These records are to be written out exactly as they read, minus the pictures.

[Start of Attachment]

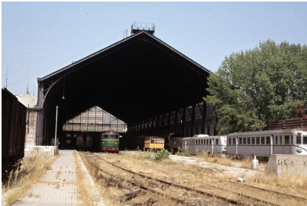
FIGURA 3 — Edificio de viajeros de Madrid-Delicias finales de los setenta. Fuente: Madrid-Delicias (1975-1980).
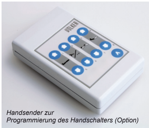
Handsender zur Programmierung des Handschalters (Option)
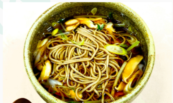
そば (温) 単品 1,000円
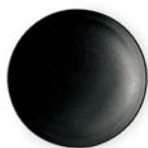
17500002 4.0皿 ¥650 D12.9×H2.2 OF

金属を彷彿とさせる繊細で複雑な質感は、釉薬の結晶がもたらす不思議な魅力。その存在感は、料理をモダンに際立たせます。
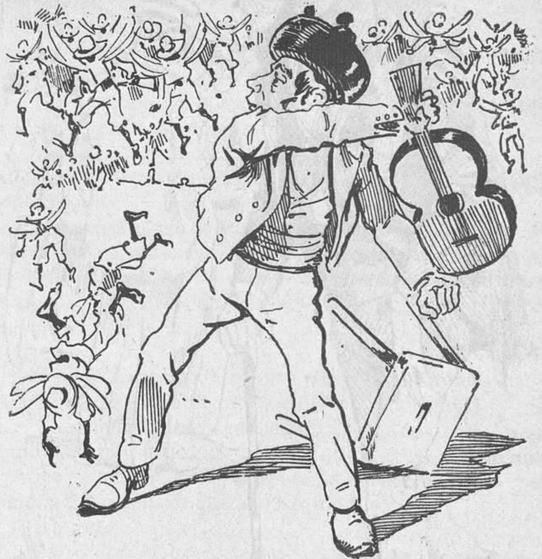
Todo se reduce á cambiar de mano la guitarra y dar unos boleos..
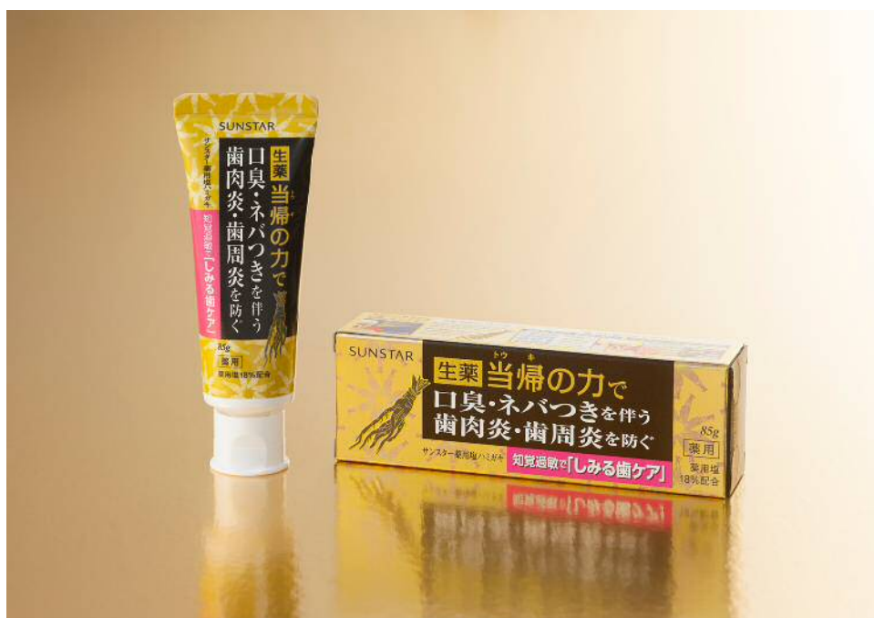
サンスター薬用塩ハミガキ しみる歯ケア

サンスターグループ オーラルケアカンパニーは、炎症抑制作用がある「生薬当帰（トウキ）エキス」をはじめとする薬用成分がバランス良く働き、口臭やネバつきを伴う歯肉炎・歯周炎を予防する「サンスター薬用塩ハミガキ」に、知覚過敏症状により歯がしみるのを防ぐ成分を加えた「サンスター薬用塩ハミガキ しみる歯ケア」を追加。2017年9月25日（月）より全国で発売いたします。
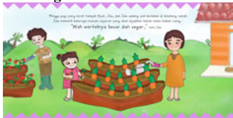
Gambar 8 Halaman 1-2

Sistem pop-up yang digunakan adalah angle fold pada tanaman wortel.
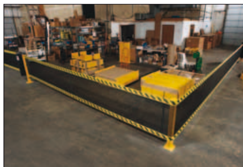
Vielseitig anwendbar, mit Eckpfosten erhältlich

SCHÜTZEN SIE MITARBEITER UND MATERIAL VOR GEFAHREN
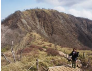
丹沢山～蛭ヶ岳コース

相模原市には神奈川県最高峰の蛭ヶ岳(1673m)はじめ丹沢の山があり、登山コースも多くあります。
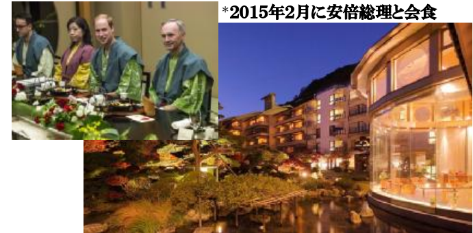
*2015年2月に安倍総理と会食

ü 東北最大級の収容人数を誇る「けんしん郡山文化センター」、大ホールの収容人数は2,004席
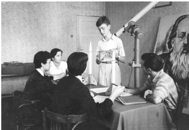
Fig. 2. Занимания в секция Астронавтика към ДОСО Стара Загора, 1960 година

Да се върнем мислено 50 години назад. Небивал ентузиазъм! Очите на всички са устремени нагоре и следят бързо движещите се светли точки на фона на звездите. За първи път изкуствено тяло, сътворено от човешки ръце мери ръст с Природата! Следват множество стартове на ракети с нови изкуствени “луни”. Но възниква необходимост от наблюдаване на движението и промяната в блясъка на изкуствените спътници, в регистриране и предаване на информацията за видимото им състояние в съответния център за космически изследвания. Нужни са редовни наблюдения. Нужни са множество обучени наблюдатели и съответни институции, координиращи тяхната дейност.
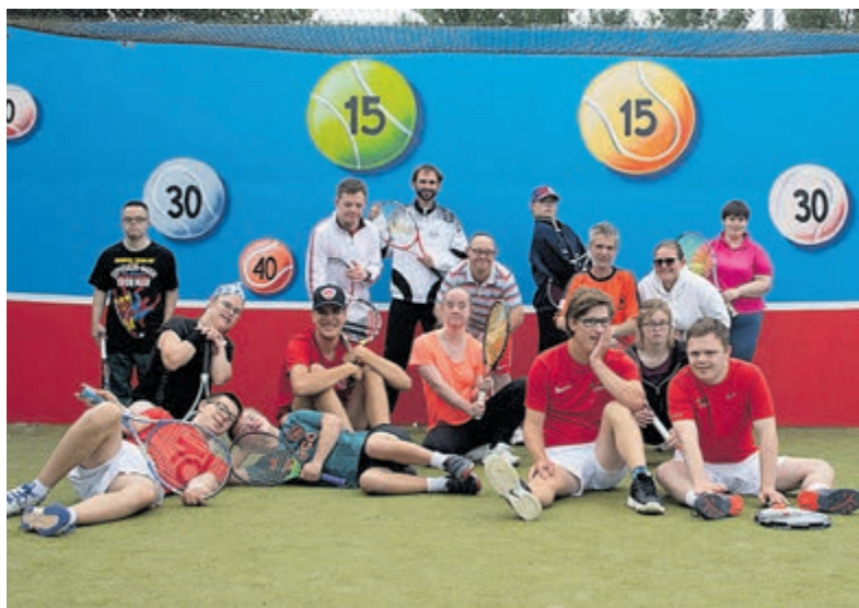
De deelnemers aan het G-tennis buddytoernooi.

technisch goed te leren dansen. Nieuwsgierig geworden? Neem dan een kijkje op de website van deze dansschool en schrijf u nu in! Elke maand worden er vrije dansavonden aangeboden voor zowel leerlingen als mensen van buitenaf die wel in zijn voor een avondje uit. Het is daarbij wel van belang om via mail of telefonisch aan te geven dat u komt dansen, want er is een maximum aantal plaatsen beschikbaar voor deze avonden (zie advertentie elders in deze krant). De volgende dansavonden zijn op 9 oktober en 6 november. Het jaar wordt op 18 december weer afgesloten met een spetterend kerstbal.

[End of Attachment]

Answer for the task
FIGURA 3 — Edificio de viajeros de Madrid-Delicias finales de los setenta. Fuente: Madrid-Delicias (1975-1980).
Handsender zur Programmierung des Handschalters (Option)
そば (温) 単品 1,000円
17500002 4.0皿 ¥650 D12.9×H2.2 OF

金属を彷彿とさせる繊細で複雑な質感は、釉薬の結晶がもたらす不思議な魅力。その存在感は、料理をモダンに際立たせます。
Todo se reduce á cambiar de mano la guitarra y dar unos boleos..
サンスター薬用塩ハミガキ しみる歯ケア

サンスターグループ オーラルケアカンパニーは、炎症抑制作用がある「生薬当帰（トウキ）エキス」をはじめとする薬用成分がバランス良く働き、口臭やネバつきを伴う歯肉炎・歯周炎を予防する「サンスター薬用塩ハミガキ」に、知覚過敏症状により歯がしみるのを防ぐ成分を加えた「サンスター薬用塩ハミガキ しみる歯ケア」を追加。2017年9月25日（月）より全国で発売いたします。
Gambar 8 Halaman 1-2

Sistem pop-up yang digunakan adalah angle fold pada tanaman wortel.
Vielseitig anwendbar, mit Eckpfosten erhältlich

SCHÜTZEN SIE MITARBEITER UND MATERIAL VOR GEFAHREN
丹沢山～蛭ヶ岳コース

相模原市には神奈川県最高峰の蛭ヶ岳(1673m)はじめ丹沢の山があり、登山コースも多くあります。
*2015年2月に安倍総理と会食

ü 東北最大級の収容人数を誇る「けんしん郡山文化センター」、大ホールの収容人数は2,004席
Fig. 2. Занимания в секция Астронавтика към ДОСО Стара Загора, 1960 година

Да се върнем мислено 50 години назад. Небивал ентузиазъм! Очите на всички са устремени нагоре и следят бързо движещите се светли точки на фона на звездите. За първи път изкуствено тяло, сътворено от човешки ръце мери ръст с Природата! Следват множество стартове на ракети с нови изкуствени “луни”. Но възниква необходимост от наблюдаване на движението и промяната в блясъка на изкуствените спътници, в регистриране и предаване на информацията за видимото им състояние в съответния център за космически изследвания. Нужни са редовни наблюдения. Нужни са множество обучени наблюдатели и съответни институции, координиращи тяхната дейност.
De deelnemers aan het G-tennis buddytoernooi.

technisch goed te leren dansen. Nieuwsgierig geworden? Neem dan een kijkje op de website van deze dansschool en schrijf u nu in! Elke maand worden er vrije dansavonden aangeboden voor zowel leerlingen als mensen van buitenaf die wel in zijn voor een avondje uit. Het is daarbij wel van belang om via mail of telefonisch aan te geven dat u komt dansen, want er is een maximum aantal plaatsen beschikbaar voor deze avonden (zie advertentie elders in deze krant). De volgende dansavonden zijn op 9 oktober en 6 november. Het jaar wordt op 18 december weer afgesloten met een spetterend kerstbal.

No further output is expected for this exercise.